Adidas Yeezy (or just Yeezy) was a fashion collaboration between American rapper, designer and entrepreneur Kanye West and German sportswear company Adidas. It offered sneakers in limited edition colorways, as well as shirts, jackets, track pants, socks, slides, lingerie and slippers. The first shoe model ("Boost 750") was released in February 2015. In 2020 Forbes described Yeezy's rise as "one of the great retail stories of the century". Yeezy influenced and inspired a multitude of other fashion brands.

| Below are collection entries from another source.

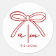 Hand Drawn Monogram Red Bow Wedding Classic Round Sticker
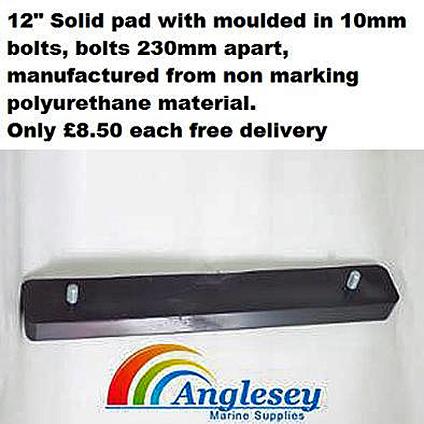12" Solid boat trailer Rubber pad with moulded in 10mm bolts, bolts 230mm apart, manufactured from non marking polyurethane material.
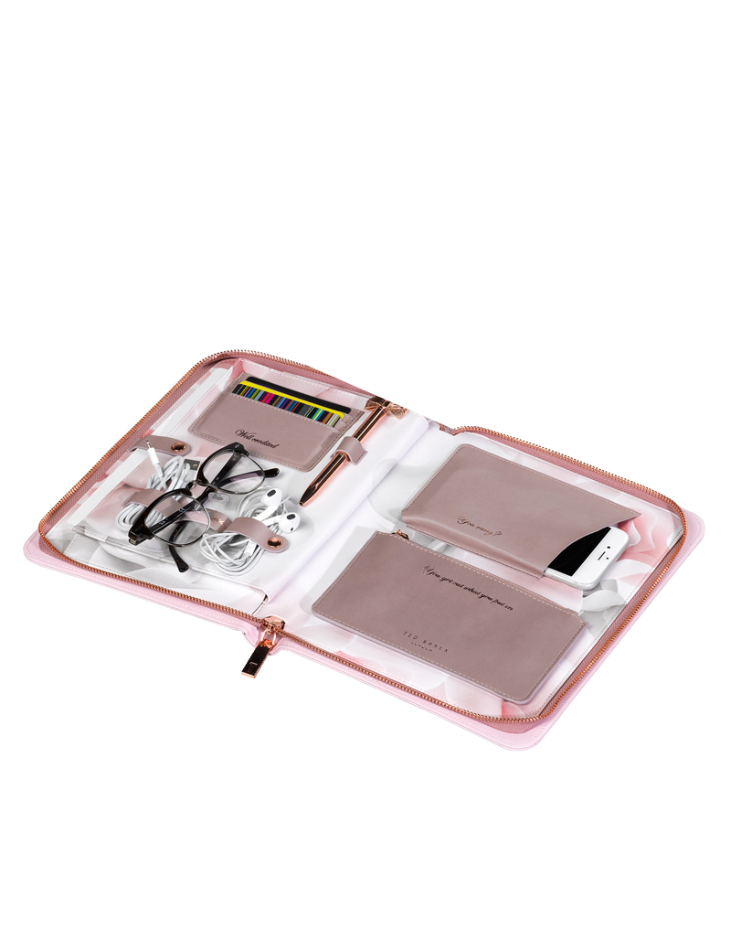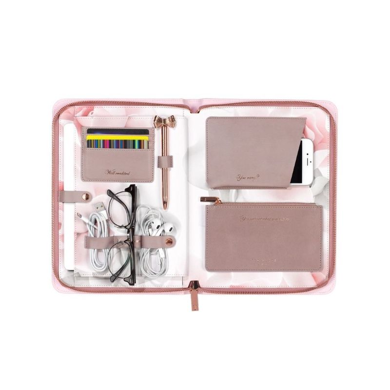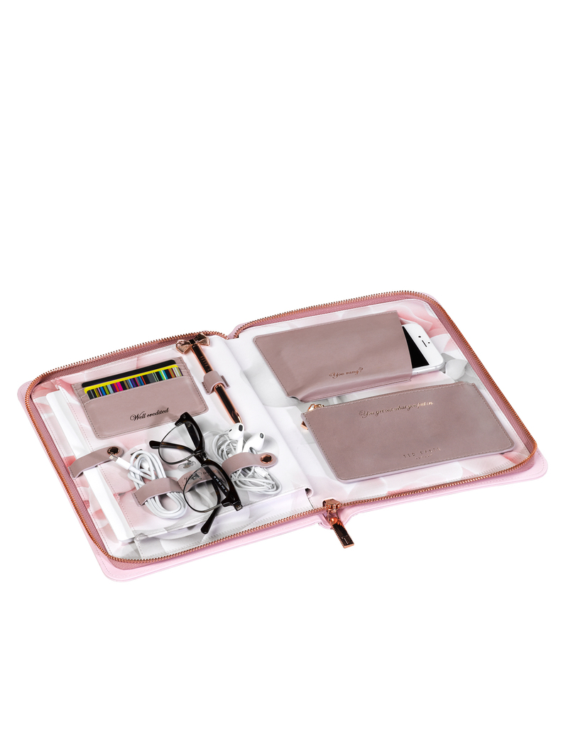 Comprising 6 features - a pocket for a tablet/journal, 4 bank card pockets, a pen pocket, 3 cable tidies, a phone pocket and removable zip pouch, this compact case has everything you need to keep your important items safe wherever you go

In October 2022, Adidas announced that it terminated its collaboration with West with immediate effect after the rapper made antisemitic remarks through various media outlets.

History

Proposed "Pastelle" line and 2006 meeting 
In 2004, it was rumored that Kanye West was releasing his first brand, Mascotte by K West, to be funded by Roc-A-Wear. West began speaking with Adidas about a collaborative effort in 2006, when Gary Aspden met with him in a recording studio, alongside his manager. West proposed a clothing line called "Pastelle", designed its logos, and discussed the possibility of designing a custom version of the Rod Laver Vintage shoe for Adidas. West designed a shoe for Adidas that year, but talks with the company fell through, and the line was never released.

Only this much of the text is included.